It’s a combination that clearly motivates him: “It can be distressing when things go wrong for your patients and this is a major driver to improve or discover new treatments.” Or as one of Storey’s clinical research fellows, Dr Wael Sumaya describes it, “When you’re a clinician and you’re seeing one patient, you’re only helping one patient. When you’re doing research you have the potential to help millions of patients. It also helps your teaching – when you’re teaching students about your research you understand it better, which means you teach it better. That’s the beauty of combining academic and clinical work.”
In the 1990s, when Rob was fresh out of medical school and training to become a cardiologist, death rates from heart attacks were still very high, despite the development of technologies such as stents and pacemakers. Blood clots had only recently been discovered as the cause and aspirin became the standard treatment for preventing further clots. However, the relatively weak effects of aspirin had prompted a flurry of research into new anti-clotting drugs. One of the drugs clopidogrel would soon become the main drug prescribed to patients following a heart attack. However, there were drawbacks with clopidogrel, whether or not it worked was a complete lottery, based on a patient’s genetics and body characteristics. Storey was keenly aware of the drug’s shortcomings and the need for something better.
Enter pharmaceutical company Astra (later AstraZeneca), who had been working on a new intravenous anti-clotting therapy known as cangrelor, it was the precursor for ticagrelor. Recognising the potential of these drugs, Storey approached Astra to carry out research on cangrelor, he explains: “It was very exciting because the processes I was researching hadn’t been well-documented… it was completely unexplored territory.”
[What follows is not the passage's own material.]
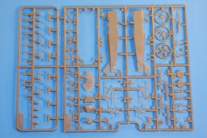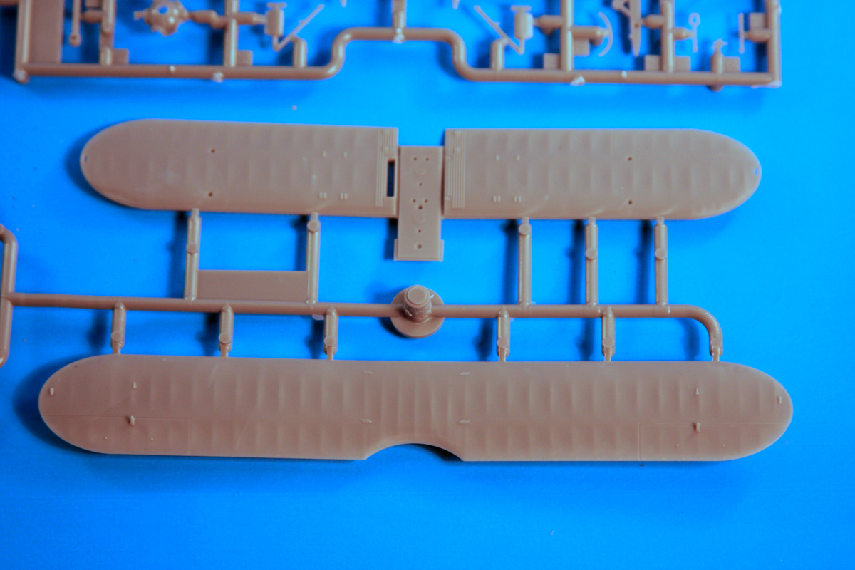 The 104 part kit is molded in brownish gray styrene with semi-matte finish and very fine molding gates. The one piece wings have the sharpest trailing edges that I’ve ever seen on an injection molded kit. Holding the wing up to the sun easily shows how thin that trailing edge is. I removed the fuselage halves and lower wing to test fit for this review. The tiny locating pins in the fuselage halves click together and shouldn’t need any filler. In fact, you can put the halves together, and shake it without the other half flying off! The pins and sockets are molded into the edges and there are no sink marks that I could find. The lower wing has an edge where the fuselage drops in, so the wing/fuselage joint will not require any filler.

Cangrelor and ticagrelor function as platelet aggregation inhibitors, targeting and inhibiting the activation of the P2Y12 receptor on the surface of platelet cells, reducing their ability to clot. The receptor plays a profound amplification role in platelet activity. Rob describes its effect as being like a volume control. Activate the receptor and you turn the volume up. Block it and you turn the volume down.
“The advantage is that with cangrelor and ticagrelor you don’t switch the sound off altogether.” Rob outlines. “The platelets still have some activity – to stop bleeding you still need platelet activity. So it’s a very neat way of preventing clots forming in the arteries.”
Storey was initially the only researcher outside of Astra with access to cangrelor. Proving its effectiveness in the lab and demonstrating this to doctors and scientists around the world was his responsibility. And it was already showing a more consistent and reliable response in different blood samples – potentially a major step forward from the current treatment.
He was also the first doctor to ever administer it to a patient in the late 90s. “Although it was 20 years ago, I remember this brave gentleman who volunteered to take part in the trial after being admitted to hospital with a heart attack the evening before.” says Storey. “Starting the drug was an exciting moment as I felt there was a strong chance it was going to benefit him. We also gained a huge amount of information through blood sampling and testing how long he bled for whilst we gave different doses of cangrelor. I think patients who signed up for these studies had a sense of this pioneering work that was potentially going to help them. It’s so important to remember the dedication and courage of any patient who volunteers for clinical research, it allow us to improve treatments that will in the end benefit all patients.”
Rob went on to advise Astra on the process of turning cangrelor, a treatment administered through an intravenous drip, into ticagrelor – an oral treatment that could be prescribed for 12 months or more. Then came the immense challenge of helping in the design of a clinical trial to prove to the medical world the drug’s effectiveness.